Неформалы, вопя, толкаясь, еле балансируя на льду и неверных ногах, выясняли, кто из них менее формален. «Да какой ты на хрен панк!» — «Я панк!» — «Ты панк?» — «А че?» — «Да ты хоть знаешь, кто такой Сид Вишес?» — «Знаю!» — «Ну?» — «Это… это… забыл…» — «Дебил! Это солист „Секс Пистолз“!..» Чудовищная бомжиха с опухолью во всю морду, тоже пьяная и неостановимо речистая, дежурила — стрясала мелочь.
Разжившись двумя бутылками у взмыленной тетки в окошке и увернувшись от хотевшего чего-то бухарика, я отошел к улице, осторожно (ноутбук не шмякнуть) пряча звякающую добычу в рюкзак. До сих пор в голове не укладывалось, что бабки можно не считать…
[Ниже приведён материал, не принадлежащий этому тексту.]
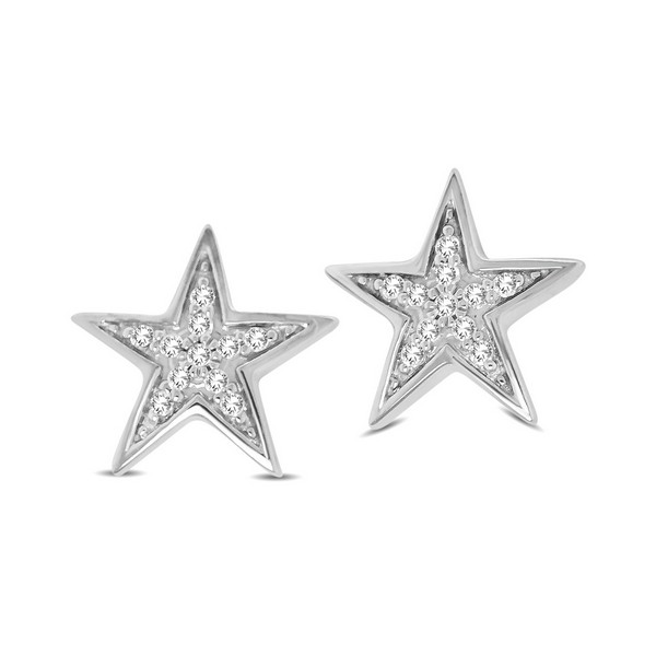 These eye-catching Earrings are available in 10K White Gold. There are 22 round diamonds with a total carat weight of 1/20 ct set in a prong setting.
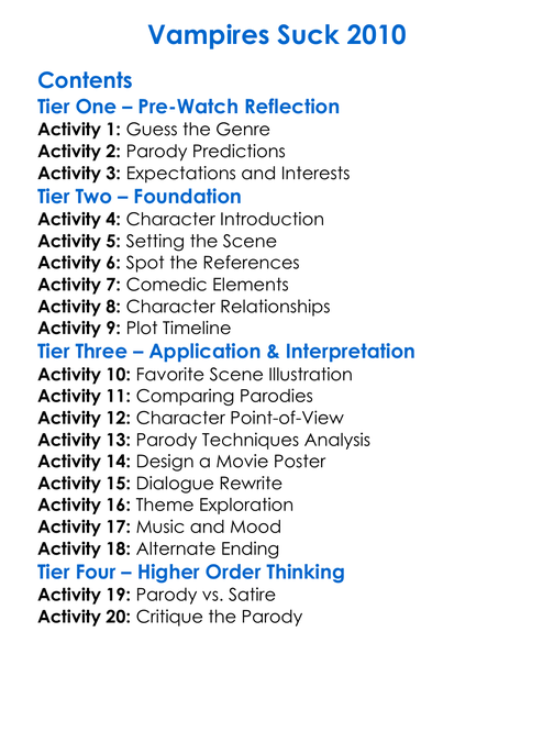 Vampires Suck 2010 Worksheet Activity Booklet

Это да — только что делать? Куда теперь?
Хороший вопрос.
Словно в поисках ответа на него я бессмысленно пялился в сторону Кремля, стуча ботинками друг о дружку. Вспомнил, как болтался тут прошлой зимой, почти ровно год назад, в конце февраля. Тогда тоже стоял дубак минус двадцать, я тоже не знал, куда сунуться, — и, тащась как-то поздно вечером по Моховой, как раз от Библиотеки к Тверской, вдруг почувствовал, что конец света уже состоялся. Даже машин не было, все застыло мертвое, промороженное, заснеженное и разрушенное: горелый, еще не отстроенный Манеж, гигантский пустырь на месте сровненной гостиницы «Москва»…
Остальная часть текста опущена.